McHenry OKs salon liquor license request, car wash request removed from agenda

Fast Eddie’s request removed from agenda

Mayor Wayne Jett (left) and city attorney David McArdle discuss an agenda item during a McHenry City Council meeting April 15 in McHenry.
Mayor Wayne Jett (left) and city attorney David McArdle discuss an agenda item during a McHenry City Council meeting April 15 in McHenry.

The McHenry City Council approved a liquor license request from a hair salon Monday but removed a car wash’s liquor license request from the agenda.

Kim and Joe Doherty, who own Fast Eddie’s Car Wash and Detail Center, had originally requested a liquor license for its facility at 2150 N. Richmond Road. The two planned to add video gambling to the business as well if it had been approved.

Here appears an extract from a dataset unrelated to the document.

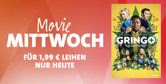 Auch heute hat Apple wieder den sogenannten "Movie Mittwoch" ausgerufen. Dabei wird jeden Mittwoch ein ausgewählter Film aus dem iTunes-Sortiment für 24 Stunden zum Sonderpreis von nur € 1,99 in HD-Qualität zum Leihen angeboten. Heute erhält man dabei die Action-Komödie Gringo mit Charlize Theron um einen Normalo, der zum Outlaw wird. Nachdem man den Leih-Film geladen hat, kann er innerhalb von 30 Tagen angeschauen werden. Wie immer bei geliehenen Filmen aus dem iTunes Store gilt: Hat man hiermit einmal begonnen, muss man ihn innerhalb von 48 Stunden beenden.

The Dohertys made a similar request in 2018, but the matter never made it before City Council.

Mayor Wayne Jett removed the liquor license and video gambling license requests from Monday’s agenda at the request of the Dohertys, he said. The business likely didn’t meet the requirements for the license they were requesting, according to city documents.

Joe Doherty said Tuesday that the family had been out of town and unable to attend the meeting.

He said he wasn’t sure if they would continue to pursue the licenses.

“It is postponed indefinitely,” he said.

Council members also debated a request by salon owner Val Ziebel. Ziebel originally wanted a full liquor license but isn’t eligible because the primary component of her business isn’t food or alcohol sales.

City Council voted to approve a personal care establishment liquor license for Valerie’s Salon instead after debate on whether to expand or change the rules to allow her to sell alcohol rather than offer it as part of a service package.

McHenry’s personal care liquor licenses allow spa and salon businesses to offer alcohol to clients at no cost. The businesses can only serve wine and beer, not hard liquor. No more than two drinks – 12 ounces of beer or 4 ounces of wine – can be served per customer, under the ordinance.

Ziebel said it was cost prohibitive to offer alcohol for free, particularly because she would need to pay the city and health department fees associated with a liquor license and buy a commercial dishwasher if she were to use glasses instead of plastic cups for the drinks.

“I would like the license you are offering, but it’s not good for business,” she said.

She said that she isn’t interested in bringing video gambling to the salon.

City Council ultimately decided not to move forward with any alteration of the personal care establishment license, or creation of another license that would accommodate Ziebel’s requests.

“I think we have gone about as far as we can go,” Ward 5 Alderman Chad Mihevc said.

Ward 1 Alderman VIctor Santi said he would like to see how things go before changing anything.

“Lets get the ball rolling, see how it goes and keep the door open for discussion in the near future,” Santi said.